120 Index
120 Index
A 120-position faceting index gear offering 3° angular increments
The 120 index — also referred to as the 120-tooth index — is a circular index gear used on faceting machines to position a gemstone at precise, repeatable angles during the cutting and polishing of facets. The gear provides 120 evenly spaced detent positions around its circumference, each separated by exactly 3° (360° ÷ 120). It is one of the standard index gears supplied with or available for most modern faceting machines, alongside the 64- and 96-tooth gears.
Function and Principle
An index gear works in conjunction with a faceting machine's quill and index lever (or index pin): the lever engages a notch in the gear, locking the stone's rotational position before the lap descends. The faceter selects a sequence of index numbers from a cutting diagram — known as a faceting design or cutting diagram — and moves the gear to each specified position in turn to grind or polish the corresponding facet. The precision of the gear determines how accurately the facet placement can be reproduced, and a 120-tooth gear, with its 3° increment, offers finer angular resolution than the 96-tooth (3.75° increment) or 64-tooth (5.625° increment) alternatives.
Divisibility and Symmetry
The practical value of the 120 index lies largely in its arithmetic. Because 120 is divisible by a wide range of integers, it accommodates many symmetry classes encountered in faceted gem design:
- 2-fold symmetry — 60 positions apart
- 3-fold symmetry — 40 positions apart
- 4-fold symmetry — 30 positions apart
- 5-fold symmetry — 24 positions apart (72° divisions)

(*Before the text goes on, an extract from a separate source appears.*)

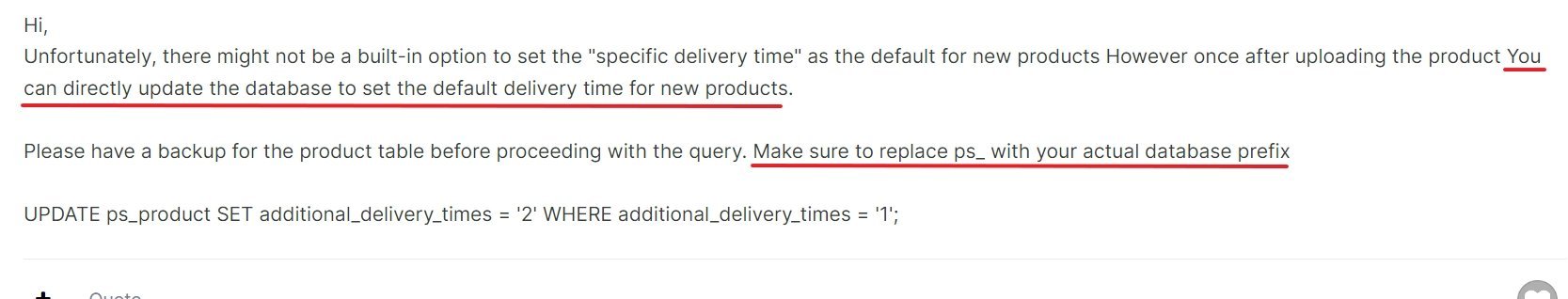 Knowband Plugins Posted February 7, 2024 Share Posted February 7, 2024 Hi, Unfortunately, there might not be a built-in option to set the "specific delivery time" as the default for new products However once after uploading the product You can directly update the database to set the default delivery time for new products. Please have a backup for the product table before proceeding with the query. Make sure to replace ps_ with your actual database prefix UPDATE ps_product SET additional_delivery_times = '2' WHERE additional_delivery_times = '1'; Link to comment Share on other sites More sharing options...

- 6-fold symmetry — 20 positions apart
- 8-fold symmetry — 15 positions apart (45° divisions)
- 10-fold symmetry — 12 positions apart
- 12-fold symmetry — 10 positions apart
This breadth makes the 120 index particularly attractive for cutting pentagons and five-pointed star designs (which require exact 72° divisions) and for octagonal cuts (45° divisions) — symmetries that neither the 64- nor the 96-tooth gear can satisfy cleanly. The 96-tooth gear, by contrast, excels at 4-, 6-, 8-, and 12-fold symmetry but cannot produce true 5-fold divisions. The 64-tooth gear is well suited to 4- and 8-fold designs but similarly cannot accommodate 5-fold or 3-fold work without compromise.
Selection in Practice
Faceters choose their index gear before beginning a cutting sequence, guided by the symmetry class specified in the design diagram. Published faceting designs — whether from sources such as the American Gem Society's faceting programmes, Faceter's Digest, or the extensive libraries maintained by organisations such as the United States Faceters Guild — specify which index gear is required. A design calling for a five-sided Portuguese-style cut or a pentagonal brilliant, for example, will specify the 120 index as the appropriate gear. Attempting to approximate such a design on a 96-tooth gear introduces angular errors that accumulate across the stone, resulting in misaligned meets and an asymmetric finished gem.
Many contemporary faceting machines — including those from Graves, Ultra Tec, and Facetron — accept interchangeable index gears, allowing the faceter to swap between 64, 96, and 120 configurations as the design demands. Some machines offer additional gears (such as 32, 48, or 144 teeth) for specialised work, but the 64/96/120 combination covers the vast majority of published designs.